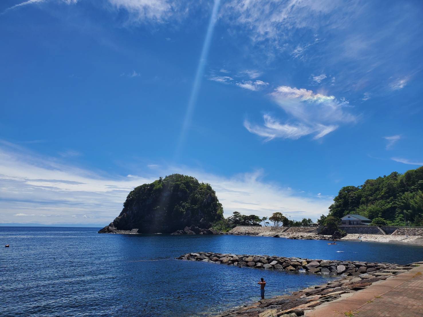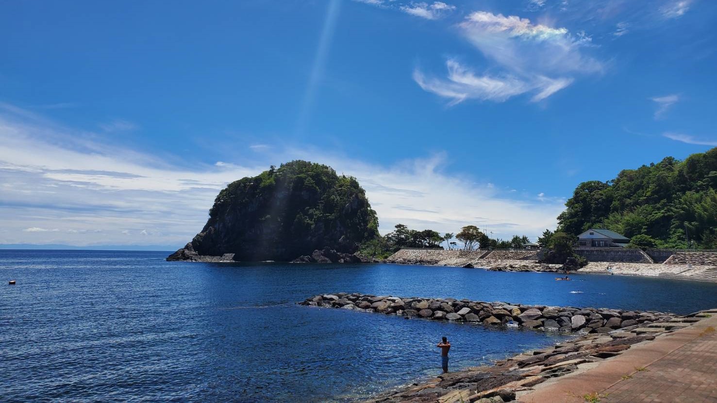 両津港から海沿いに車を走らせること20分、赤亀風島なぎさ公園に到着。海上に突き出した「風島弁天」の大きな岩が目印です。道沿いにある鳥居をくぐり、赤い手すりを頼りに登っていくと岩のてっぺんまで行くことができますが、急勾配の坂道・石段なので、登る際には要注意。公園内には無料のフリーサイトがあるキャンプ場と海水浴場があり、観光シーズンには多くの海水浴客で賑わっています。トイレは通年利用できますが、更衣室とシャワーは海水浴場開設期間中のみご利用いただけます。海水浴場は砂利浜なので、怪我防止のためサンダルは忘れずに! 釣りや海水浴、海を眺めてBBQなど、ゆったりと過ごすことができます。
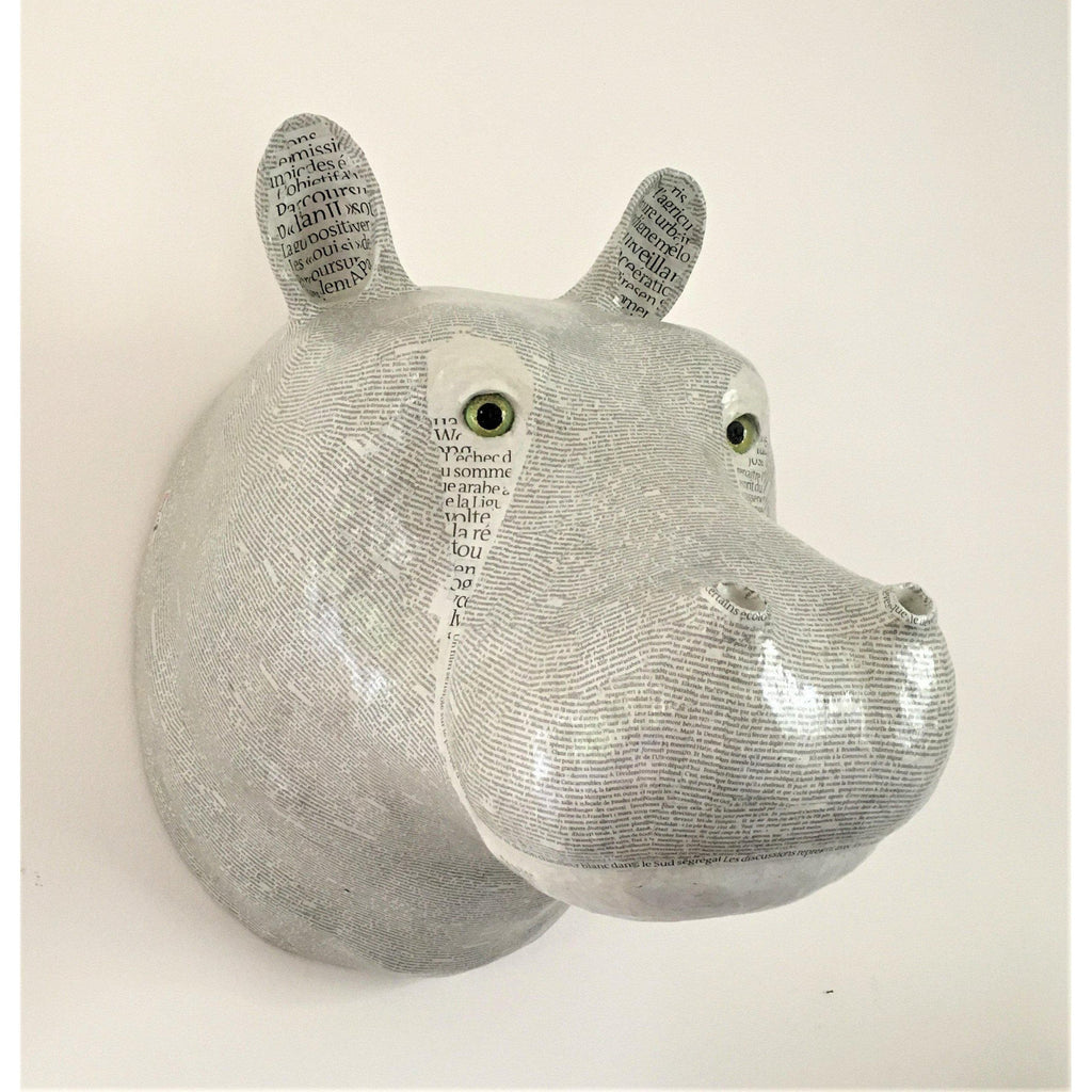 Trophée d'Hippopotame en papier mâché - Aude Goalec et Nicole Jacobs
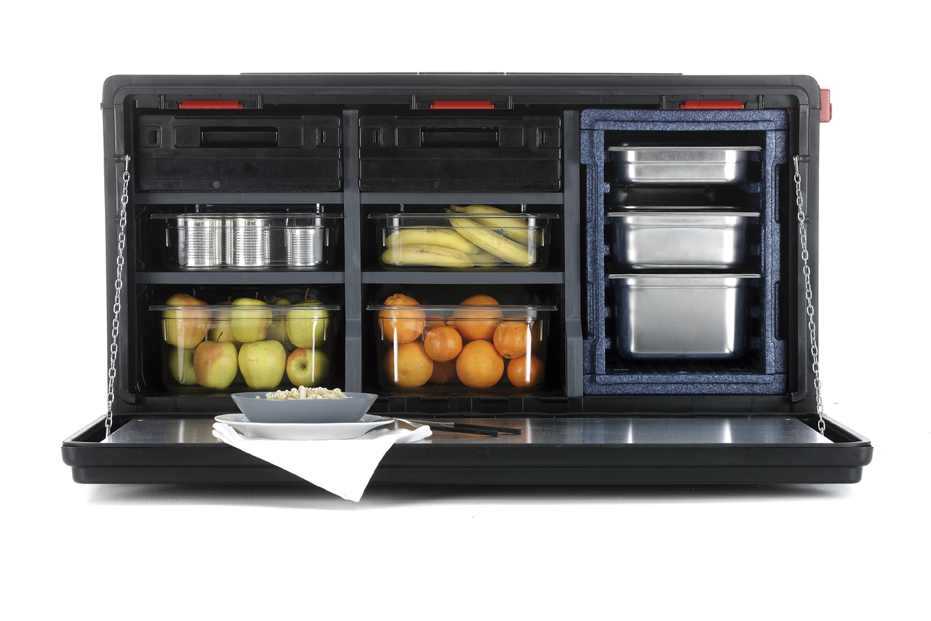 Usado para almacenar de forma pulcra el equipo ADR, los elementos para fijar la carga, herramientas o toldos, las aplicaciones Kompos-it incluyen hasta una cocina de viaje con su propia unidad isotérmica, plano de trabajo en aluminio e iluminación con LED. Además, cada accesorio o parte del sistema ha sido diseñado para para ser enviado desarmado, siguiendo el hilo conductor de todo el programa del producto, evidencia de la continua responsabilidad empresarial que el Grupo Lago mantiene en la práctica de diseño, fabricación y operaciones.
◆ ◆ ◆
* _Aim of the task_: Only the pictures are to be left out; print everything else in the listing exactly.

* _Task solution_:
 両津港から海沿いに車を走らせること20分、赤亀風島なぎさ公園に到着。海上に突き出した「風島弁天」の大きな岩が目印です。道沿いにある鳥居をくぐり、赤い手すりを頼りに登っていくと岩のてっぺんまで行くことができますが、急勾配の坂道・石段なので、登る際には要注意。公園内には無料のフリーサイトがあるキャンプ場と海水浴場があり、観光シーズンには多くの海水浴客で賑わっています。トイレは通年利用できますが、更衣室とシャワーは海水浴場開設期間中のみご利用いただけます。海水浴場は砂利浜なので、怪我防止のためサンダルは忘れずに! 釣りや海水浴、海を眺めてBBQなど、ゆったりと過ごすことができます。
 Trophée d'Hippopotame en papier mâché - Aude Goalec et Nicole Jacobs
 Usado para almacenar de forma pulcra el equipo ADR, los elementos para fijar la carga, herramientas o toldos, las aplicaciones Kompos-it incluyen hasta una cocina de viaje con su propia unidad isotérmica, plano de trabajo en aluminio e iluminación con LED. Además, cada accesorio o parte del sistema ha sido diseñado para para ser enviado desarmado, siguiendo el hilo conductor de todo el programa del producto, evidencia de la continua responsabilidad empresarial que el Grupo Lago mantiene en la práctica de diseño, fabricación y operaciones.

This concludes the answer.